What to work on: Images should be omitted while the rest of the data is duplicated exactly.

Material provided:
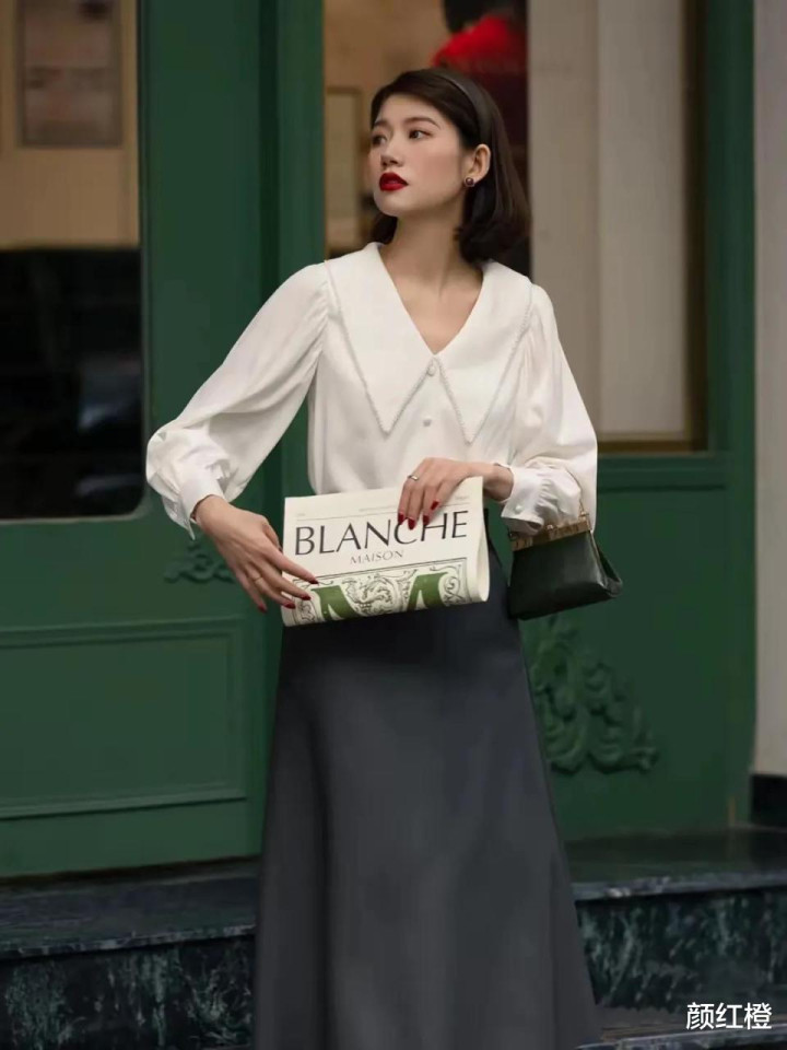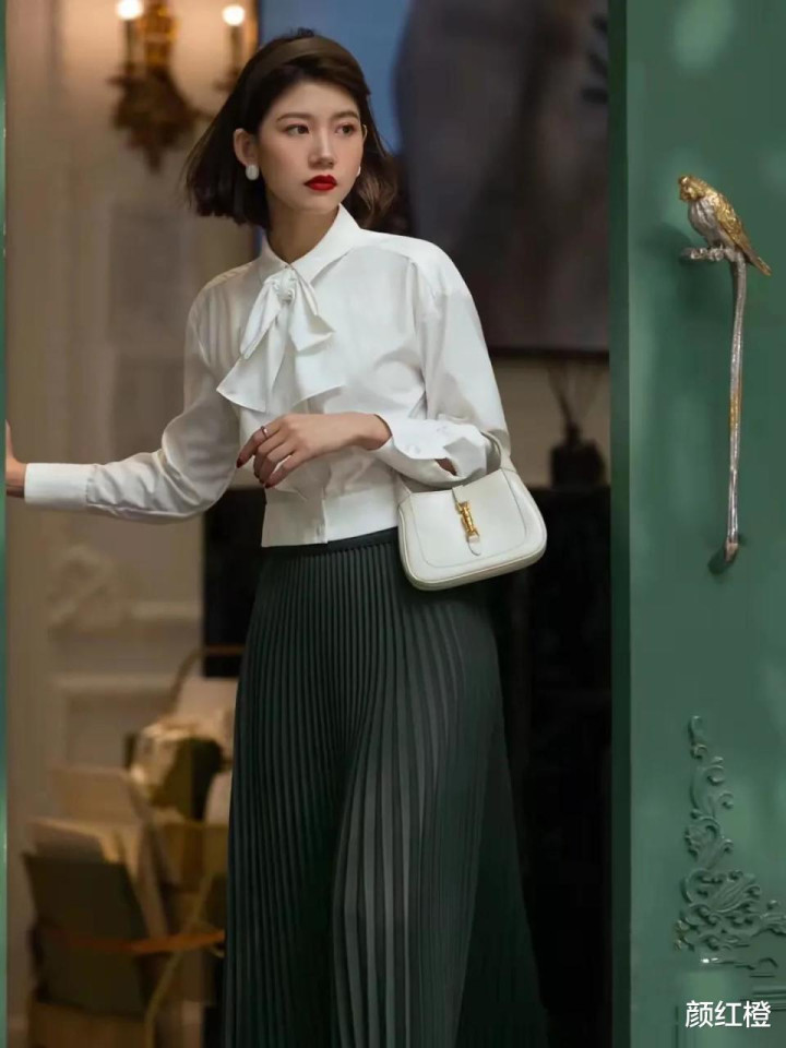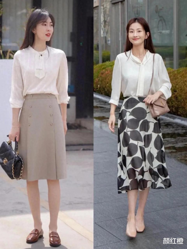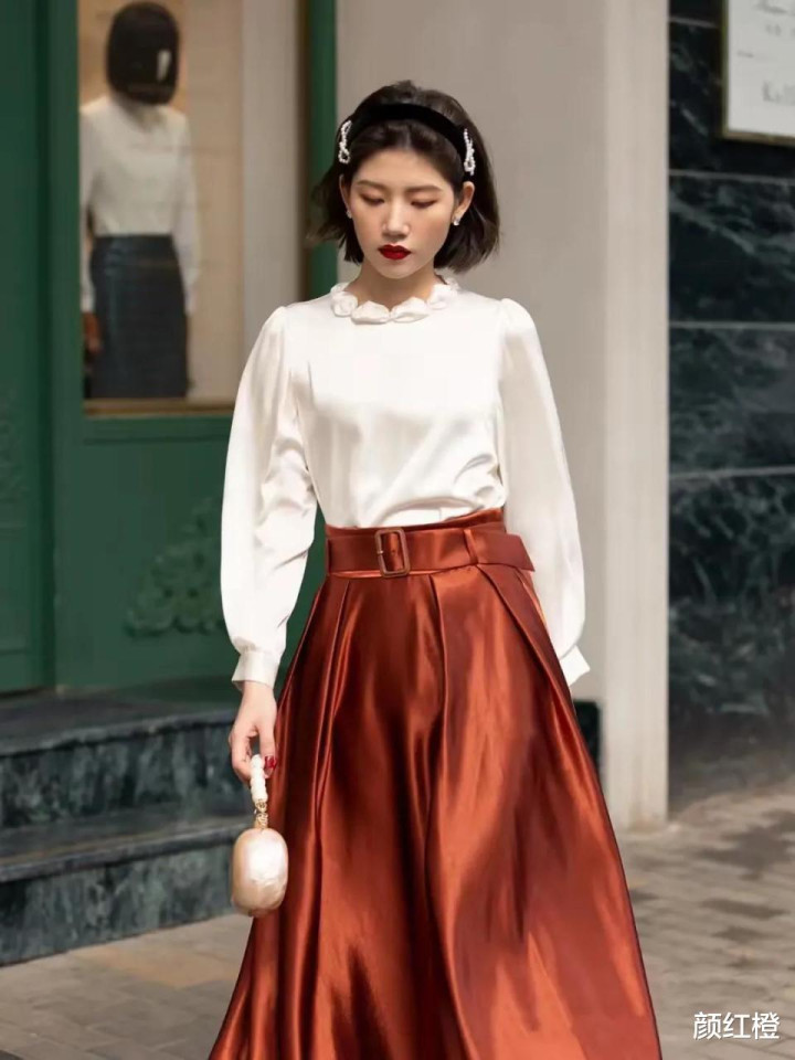 你选择的是半身裙还是连衣裙都要选择高腰收腰款,这样穿的时候才能更好的提升腰线,使得你的身材形成三七分显高显瘦,例如下面这一件真丝面料的白色衬衫,搭配上丝绸面料的半身裙,穿出来的效果显贵又大方。
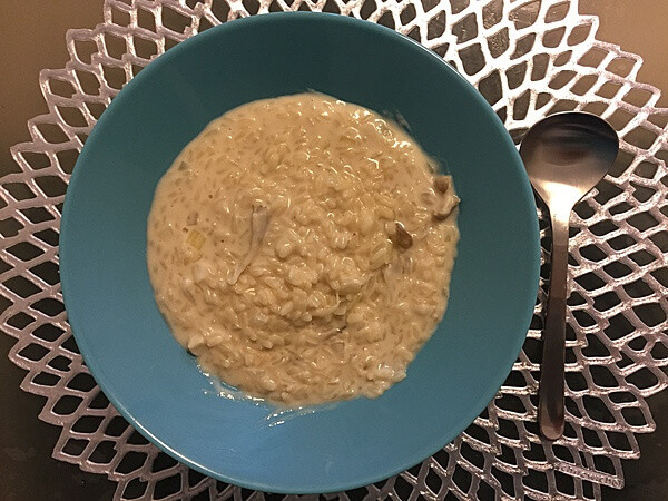 パッケージ裏には450mlの水を鍋に沸騰させ、リゾットの材料を入れて15分ほど煮込んで出来上がりと書かれています。作り方は4種類とも同じです。リゾットは18cmの鍋を使って作りました。
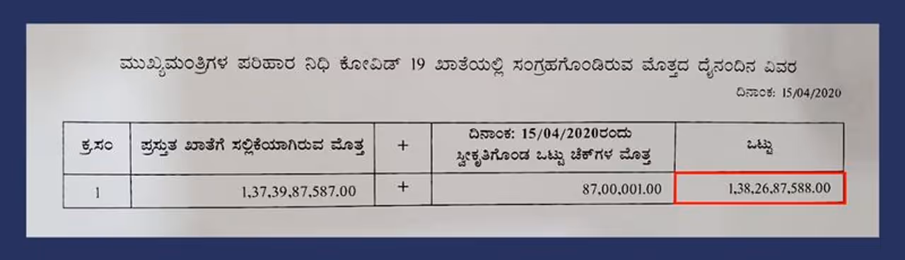 ಮಾರ್ಚ್ 27 ರಿಂದ ಏಪ್ರಿಲ್ 15ರ ವರೆಗೆ ಒಟ್ಟು 138,26,87,588 ರೂಪಾಯಿ ದೇಣಿಗೆ ಮುಖ್ಯಮಂತ್ರಿ ಪರಿಹಾರ ನಿಧಿಯ ಖಾತೆಗೆ ಜಮೆಯಾಗಿದೆ.

Solution to this task:
 你选择的是半身裙还是连衣裙都要选择高腰收腰款,这样穿的时候才能更好的提升腰线,使得你的身材形成三七分显高显瘦,例如下面这一件真丝面料的白色衬衫,搭配上丝绸面料的半身裙,穿出来的效果显贵又大方。
 パッケージ裏には450mlの水を鍋に沸騰させ、リゾットの材料を入れて15分ほど煮込んで出来上がりと書かれています。作り方は4種類とも同じです。リゾットは18cmの鍋を使って作りました。
 ಮಾರ್ಚ್ 27 ರಿಂದ ಏಪ್ರಿಲ್ 15ರ ವರೆಗೆ ಒಟ್ಟು 138,26,87,588 ರೂಪಾಯಿ ದೇಣಿಗೆ ಮುಖ್ಯಮಂತ್ರಿ ಪರಿಹಾರ ನಿಧಿಯ ಖಾತೆಗೆ ಜಮೆಯಾಗಿದೆ.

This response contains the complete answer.